How it’s used and how it works

Entity extraction (aka, named entity recognition or NER) is a type of natural language processing technology that enables computers to analyze text as it is naturally written. Specifically, it pulls out the most important data points (entities) in unstructured text (think news, webpages, text fields). Entities include names of people, places, organizations, and products, as well as dates, email addresses, and phone numbers. Extracted entities can populate a database record about the text. This structure enables higher-level analyses, such as relationships between entities, detecting events, and sentiment analysis around entities.

What is named entity recognition used for?

Better search for e-commerce, business research

Extracted entities make keyword search more accurate. Keywords only match words, whereas entity extraction uses context to know when, for example, “Paris” refers to a city, the name of a person ("Paris Jones"), or a nonentity (plaster of Paris). In e-commerce, extracting price, clothing features, size, and other product attributes from descriptions lets shoppers filter searches to refine 200 results to a browsable 20.

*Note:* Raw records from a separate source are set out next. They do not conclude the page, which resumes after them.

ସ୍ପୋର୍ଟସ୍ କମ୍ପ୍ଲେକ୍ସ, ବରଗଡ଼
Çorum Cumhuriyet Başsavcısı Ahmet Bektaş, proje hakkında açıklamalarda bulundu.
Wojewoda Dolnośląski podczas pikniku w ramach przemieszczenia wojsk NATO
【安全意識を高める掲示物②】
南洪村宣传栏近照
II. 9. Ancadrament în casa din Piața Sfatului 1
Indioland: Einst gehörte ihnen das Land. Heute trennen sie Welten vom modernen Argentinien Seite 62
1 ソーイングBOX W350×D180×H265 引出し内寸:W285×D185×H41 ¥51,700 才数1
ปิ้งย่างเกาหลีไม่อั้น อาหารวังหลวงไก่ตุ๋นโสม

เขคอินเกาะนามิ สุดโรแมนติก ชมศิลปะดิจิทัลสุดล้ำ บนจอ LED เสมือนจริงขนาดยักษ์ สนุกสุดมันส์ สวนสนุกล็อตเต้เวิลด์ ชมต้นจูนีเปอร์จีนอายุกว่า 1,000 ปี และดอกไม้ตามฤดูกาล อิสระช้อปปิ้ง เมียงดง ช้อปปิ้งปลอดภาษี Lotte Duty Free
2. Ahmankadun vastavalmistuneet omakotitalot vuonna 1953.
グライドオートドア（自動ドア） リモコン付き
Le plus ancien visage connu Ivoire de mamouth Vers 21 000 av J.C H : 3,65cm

Brand monitoring and intelligence gathering

Want to know “what are people saying” about a new product launch or their experience at your hotel? NER is an enabling technology for sentiment analysis to track social media buzz or uncover new rivals. Intelligence agencies that track specific people and organizations of interest in message streams can distinguish between similarly named entities (e.g., Richie Fox the astronaut or hockey referee) by linking to an entity knowledge base using the context surrounding the entity. (Does the text refer to space or hockey?)

Knowledge graphs, event extraction, fact extraction

Pushing the possible are technologies built on NER:

Knowledge graphs visualize the relationship between entities (who is affiliated with what organizations and locations)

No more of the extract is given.